Abstract

A unique etiology of stroke, lateral medullary syndrome (LMS), is a consequence of posterior inferior cerebellar artery or vertebral artery thromboembolic conditions. LMS patients present particularly with ipsilateral hyperalgesia, ipsilateral ataxia, and Horner's syndrome. Our case signifies that neurogenic origin should always be considered in the absence of local causes of dysphagia. Early diagnosis could prevent LMS complications, including neurological disabilities. A scarcity of research related to dysphagia in LMS, and its outcomes exists. Therefore, the objective is to investigate the clinical course in a patient afflicted with severe dysphagia following a diagnosis of (LMS). This would encourage further research, thus improving management and treatment strategies.

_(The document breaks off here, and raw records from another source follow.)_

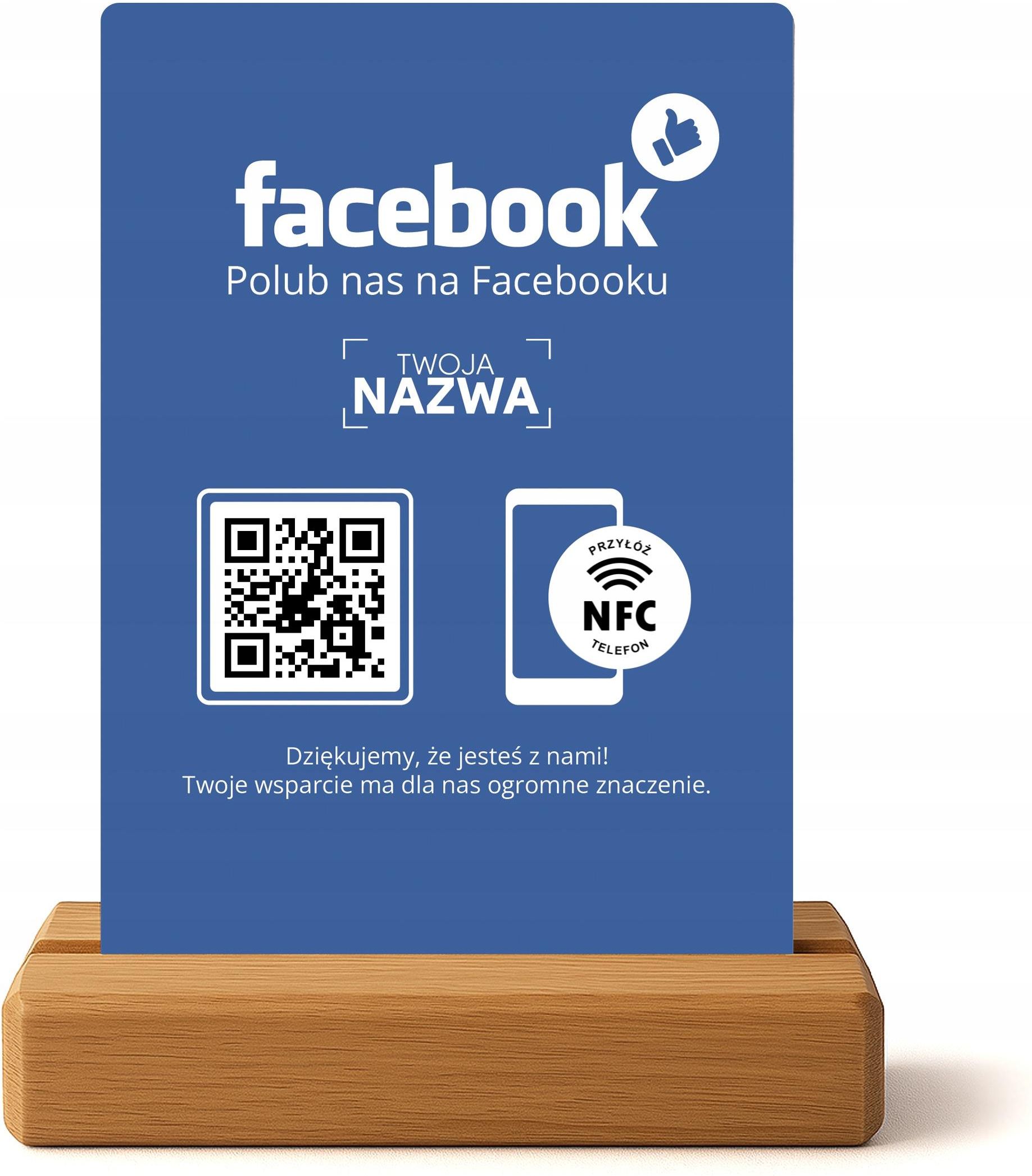 Stand Facebook NFC i QR – stojak / prezenter do polubienia Twojego profilu. Elegancki prezenter z QR i NFC to nowoczesne rozwiązanie, które umożliwia klientom szybkie polubienie i obserwowanie Twojej strony na Facebooku. Wystarczy zbliżyć telefon lub zeskanować kod – bez szukania profilu. NFC + QR = Maksymalna wygoda Tabliczka wyposażona jest w zakodowany chip NFC oraz unikalny kod QR, które automatycznie przekierowują do Twojego profilu. Klient nie musi nic wpisywać – wystarczy dotknięcie lub skan. Zestaw gotowy do działania W komplecie otrzymujesz: tabliczkę z nadrukiem „Polub nas na Facebooku” chip NFC zaprogramowany pod Twój profil kod QR do skanowania drewnianą podstawkę (12 x 4,5 x 2,5 cm) Twoją nazwę na tabliczce Produkt polski = jakość i precyzja Wszystkie elementy wykonujemy lokalnie: projekt, nadruk, kodowanie NFC i QR. Stawiamy na trwałość, estetykę i niezawodność działania. To nie jest masowa produkcja – to dopracowane rozwiązanie. Każdy egzemplarz przygotowujemy na bieżąco – dzięki temu oferujemy błyskawiczną realizację. Personalizacja w cenie W cenie oferty zawarta jest personalizacja: nadruk z Twoją nazwą firmy lub fanpage’a programowanie NFC i kodu QR zgodnie z przesłanym linkiem Wystarczy, że przekażesz nam te dane. Działa natychmiast po rozpakowaniu Tabliczka nie wymaga żadnej konfiguracji – jest gotowa do użycia od razu po rozpakowaniu. Ustaw ją przy ladzie, w recepcji, na stoliku – i obserwuj, jak rośnie liczba polubień! Pomoc i wsparcie Masz pytania, chcesz się upewnić, że wszystko zadziała? Zapewniamy szybki kontakt i pełne wsparcie techniczne przed i po zakupie. Rozpocznij zbieranie opinii już dziś. Zwiększ swoją rozpoznawalność i reputację. Pozwól klientom znaleźć Cię w kilka sekund. Nie zwlekaj – stojak zaczyna działać natychmiast po ustawieniu w Twoim punkcie!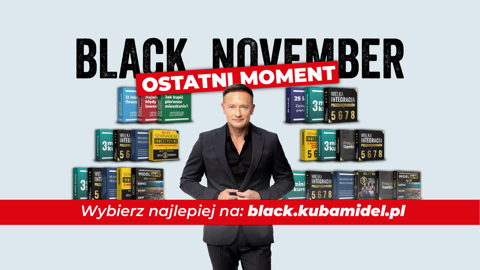 Największa akcja edukacyjna i inwestycyjna roku!Listopad wcale nie musi być ponury — wręcz przeciwnie. W tym miesiącu przygotowaliśmy coś wyjątkowego dla wszystkich, którzy chcą zainwestować w siebie, swoją wiedzę i finansową niezależność.Black November to specjalna akcja, w której przez cały miesiąc możesz zdobyć dostęp do najlepszych kursów, wydarzeń i mentoringów Kuby Midela — w wyjątkowo obniżonych cenach, nawet do –80% taniej.W ofercie znajdziesz 6 unikalnych pakietów:📘 Paczki online – praktyczna wiedza, konkretne lekcje, strategie inwestycyjne i finansowe zebrane z lat doświadczeń.🎟️ Paczki eventowe – bilety na najważniejsze wydarzenia roku: Seminarium Inwestycyjne, Wielką Integrację oraz wyjątkowe obozy szkoleniowe MIDEL CAMP.💎 Pakiety VIP – limitowane miejsca dla osób, które chcą pracować bezpośrednio z Kubą Midlem – mentoring, konsultacje indywidualne i dostęp do zamkniętej społeczności inwestorów.Każda paczka to inwestycja w rozwój osobisty, relacje i praktyczną wiedzę, która pozwala szybciej budować niezależność finansową.📆 Promocja trwa przez cały listopad, ale warto się spieszyć — co tydzień ceny rosną, a liczba miejsc na wydarzenia stacjonarne jest ograniczona.💼 Po zakupie otrzymasz fakturę VAT, dzięki czemu możesz wliczyć wydatek w koszty działalności i jeszcze bardziej zoptymalizować inwestycję w swój rozwój.Nie czekaj do ostatniego dnia.
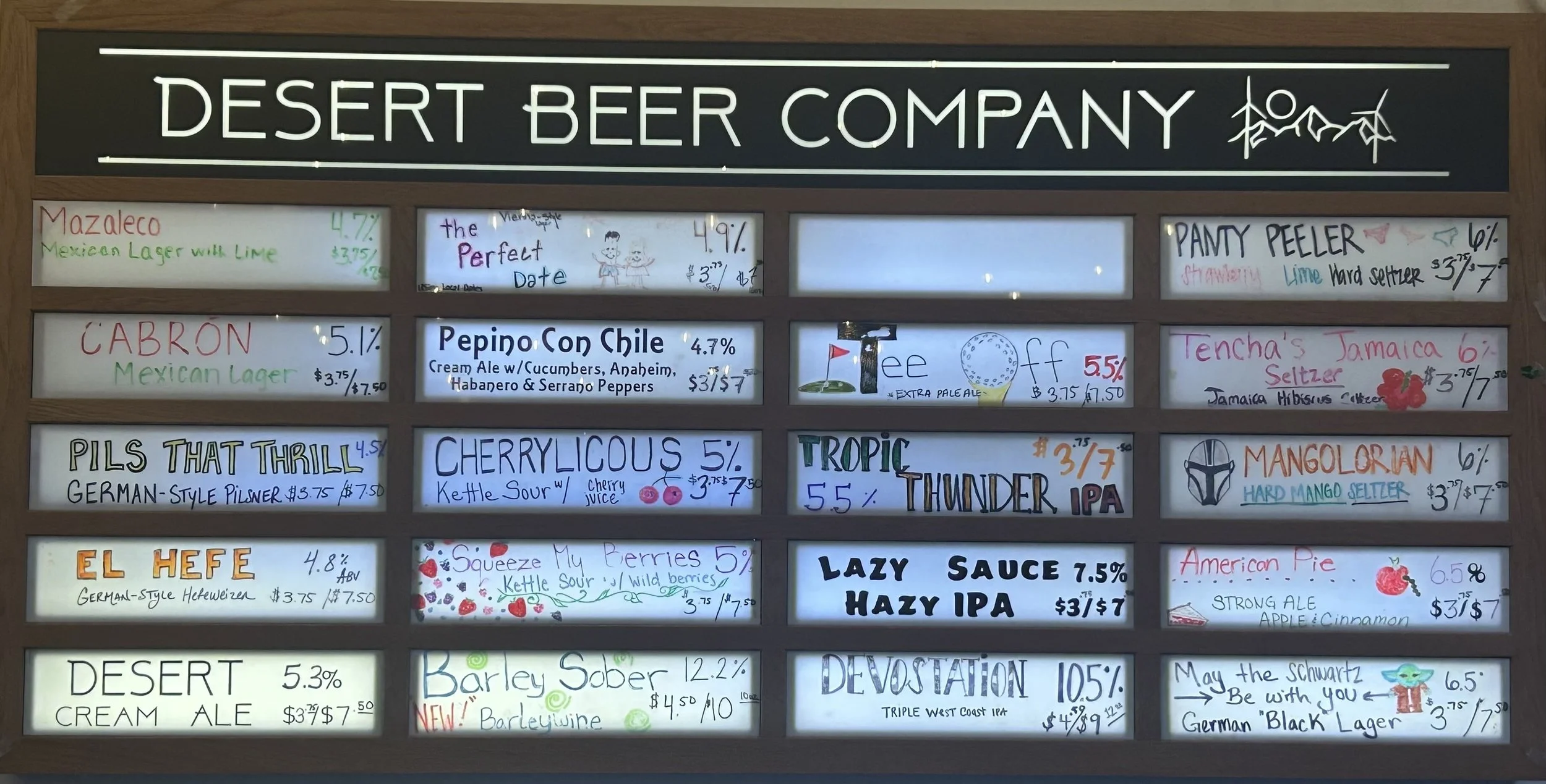 Desert Beer Company is the concept of Devon Sanchez, owner and brewer. The brewery is open as of July 2019. It is conveniently located off the 10 and Country Club.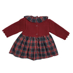 Questo abito combinato e' perfetto per la tua neonata! Il corpetto in maglia offre comfort, mentre il tessuto stampato a quadri aggiunge un tocco di stile. Il collo arricciato e i pom pon sul petto rendono questo capo elegante e sofisticato. Aggiungi un tocco di classe al guardaroba della tua piccola con questo abito.
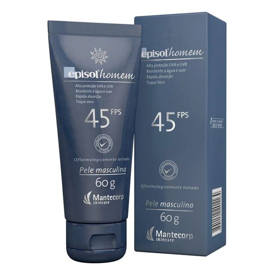 O Protetor Solar FPS45 Episol Homem 60G é um protetor solar masculino Episol Homem FPS45 desenvolvido especificamente para a pele masculina. Sua fórmula oferece alta proteção contra os raios UVA/UVB, prevenindo o envelhecimento precoce e o surgimento de manchas. É ideal como protetor para rosto e barba, com uma textura leve que não deixa a pele oleosa.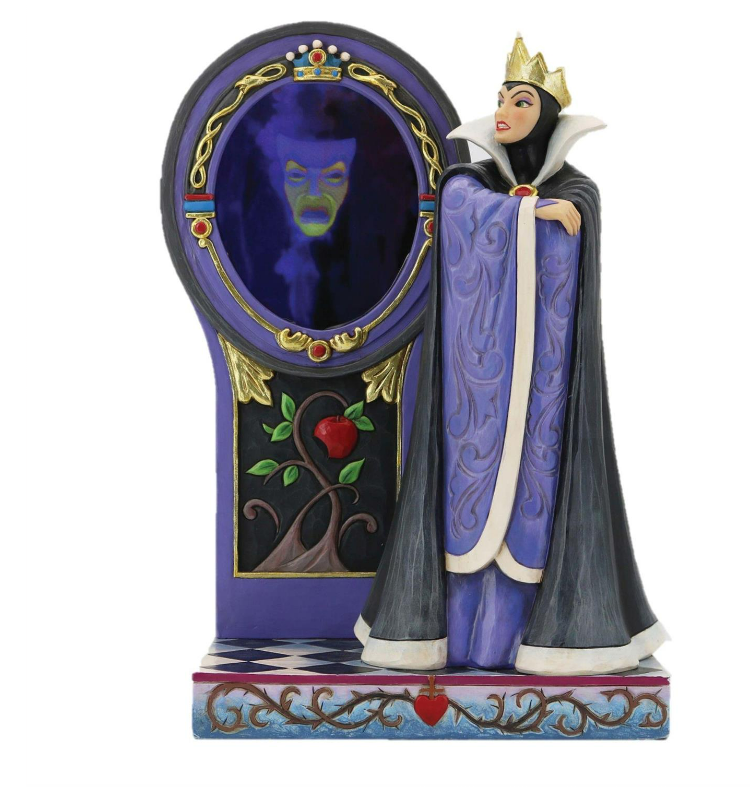 Questioning the Magic Mirror, the Evil Queen folds her arms in disgust when she is not named the fairest of them all. With a foreshadowing image of an apple, this impressive design by Jim Shore features gorgeous and enchanting details.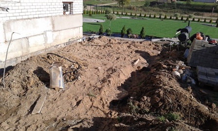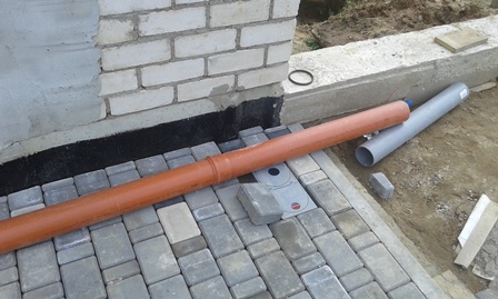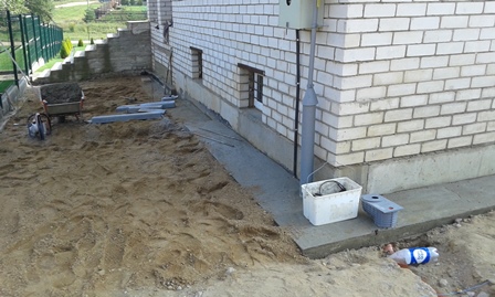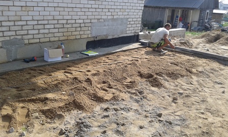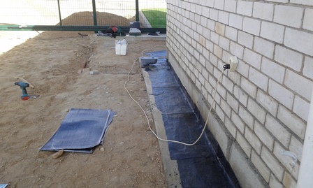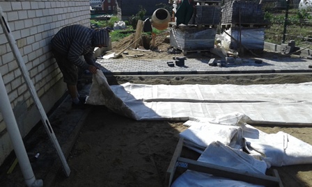 На отмостке плитка уложена на бетонную подготовку, оклееную наплавляемой гидроизоляцией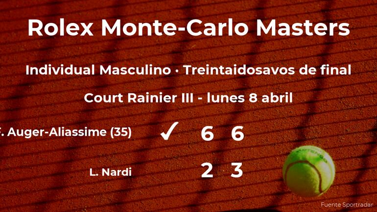 El jugador canadiense Félix Auger-Aliassime, número 35 de la ATP, ganó en los treintaidosavos de final del torneo de Monte Carlo por 6-2 y 6-3 al tenista italiano Luca Nardi. Con este resultado, el canadiense logra clasificarse para los dieciseisavos de final del torneo de Monte Carlo.

We report a case of a 45-year-old male, a smoker for 20 years, who presented with a single, unique complaint of acute dysphagia for 9 days. According to our knowledge, this is among very few reported cases of LMS with dysphagia being the rare initial complaint. The neurological issues associated with dysphagia gradually improved with the administration of antiplatelet; clopidogrel and lipid-lowering drug; rosuvastatin and the patient was discharged. Atypical presentation in LMS could be supported by the presence of lateral medullary infarct which was confirmed by MRI (Magnetic Resonance Imaging). Dysphagia is a common complaint in multiple gastrointestinal (GI) settings. However, in cases where the GI causes are excluded, as described here, diagnosis of LMS becomes tough. The diagnosis of LMS was queried owing to the presentation of the single most important common symptom, with no other characteristic manifestations of LMS.